#### Data shown:
___

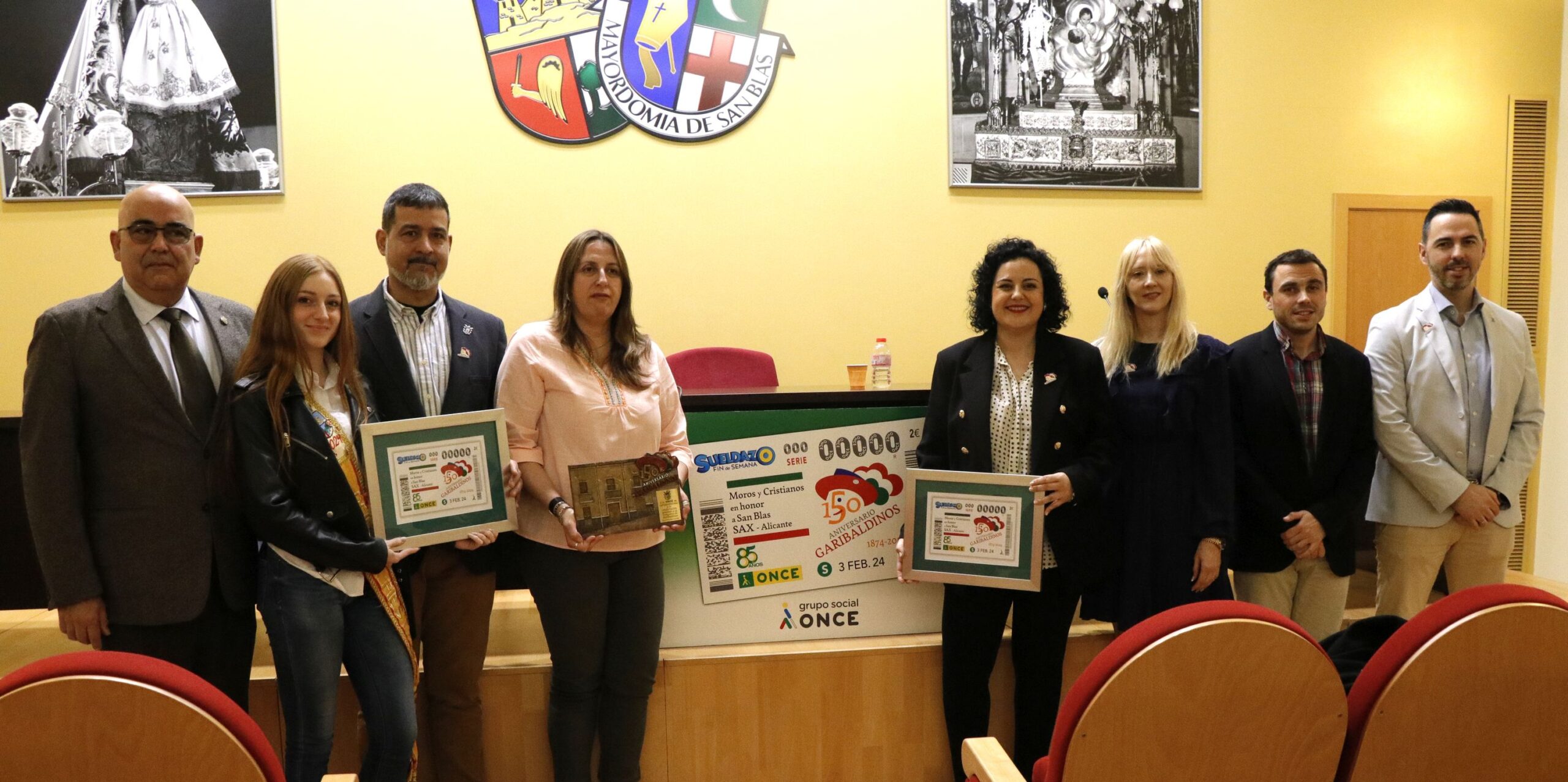 El lunes 29 de enero de 2024, a las 11:00 horas en el salón de actos de la Mayordomía de San Blas, se presentó el cupón de la ONCE que sería sorteado el 3 de febrero. El acto, de notable repercusión nacional, contó con la presencia de Estela Medina Peláez (directora de la ONCE en Alicante), Laura Estevan Antolín (alcaldesa de Sax), Francisco Sánchez Alarcón (presidente de la Mayordomía de San Blas) y José Vicente Antolín Compañ (presidente de la Comparsa de Garibaldinos). Como gesto simbólico, la comparsa adquirió todos los cupones correspondientes al número 01874, año de su fundación.
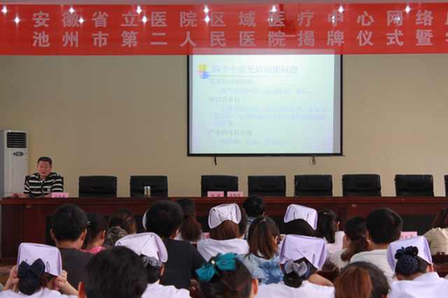 揭牌仪式结束后,省立医院专家进行了主题学术讲座,学术讲座深获医护人员的好评,同时部分专家在医院科主任陪同下,深入病房进行了带教查房等医疗活动。
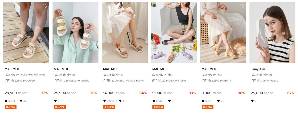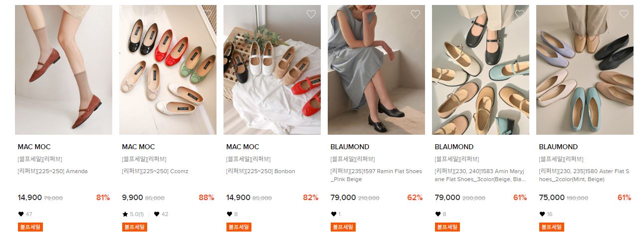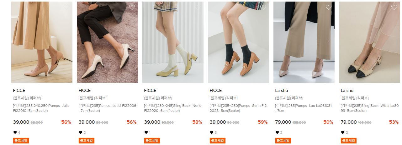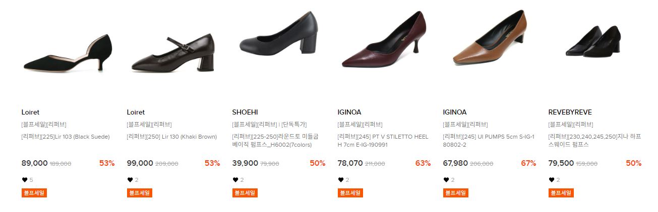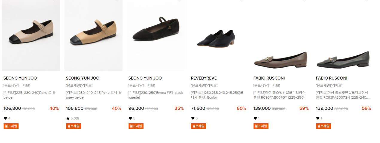 할인 품목 : 운동화, 펌프스, 플랫슈즈 등
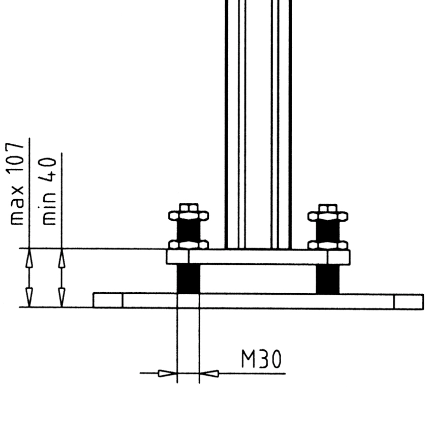 • Nastavite višino z obračanjem vijaka M30 in pritrdite s kontramatico

___

Produce an exact copy of the lines from the line containing "할인 품목 : 운동화, 펌프스, 플랫슈즈 등" to the end of the material, both ends included, and omit every picture.

 할인 품목 : 운동화, 펌프스, 플랫슈즈 등
 • Nastavite višino z obračanjem vijaka M30 in pritrdite s kontramatico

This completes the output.